あいかわらず、まちを建築がつくるという人もいます。特に建築にかかわる人たちのなかで。

それはある意味で間違いであり、箱モノと言われる所以ですが、一方で建築というのは根本的には人の活動を生み出す場所であり、生活を営む装置であると考えています。そして、何よりさまざまな文化や歴史や価値観を次代に引き継いでゆくモノです。それは抽象的な理論でも透明なシステムだけでもない、人がそこで 活動するための現実の場所です。



かつて、箱モノと言われた美術館不毛の時代がありました。地方に同じような箱物、内部はホワイトキューブ、外部はデコレーティブな美術館が横行していた時代が少し前までありました。それは同じように劇場でも、会議場でも、図書館でも、、、、、。

しかし、地域と美術活動をつなげる市民を中心とした活動が各地で行われ始めました。

越後妻有トリエンナーレ「大地の芸術祭」、ベネッセによる直島の開発、花巻イーハトーブミュージアムなど。

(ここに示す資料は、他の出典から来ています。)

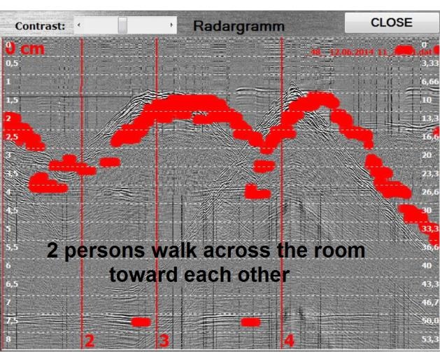 該裝置的操作原理是操作者將天線模塊導(dǎo)向墻壁。 然后即可在計(jì)算機(jī)屏幕上觀察當(dāng)物體在墻后移動(dòng)時(shí)反射信號的雷達(dá)圖的變化。
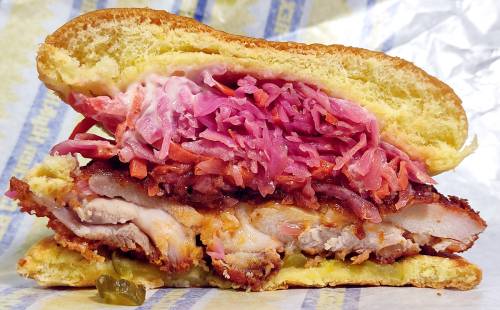 → 적채(적양배추), 당근, 피클을 넣은 닭다리살 치킨버거

金沢の21世紀美術館も市民が自由に訪れることのできるこれまでにない美術館です。それらの新たな方向が美術館の可能性を新たに生み出していると言えます。

美術館においてはその箱物現象は打開してきたのではないでしょうか。同じようにただの箱である建築が、何かを引き起こすために、ただの箱をどのように組み合わせれば、新たな美術館の活動が生まれるかを十分吟味してあります。

こうした建築によって新たな活動形態が生まれることが大切です。そこが建築家の能力、デザイン力なのです。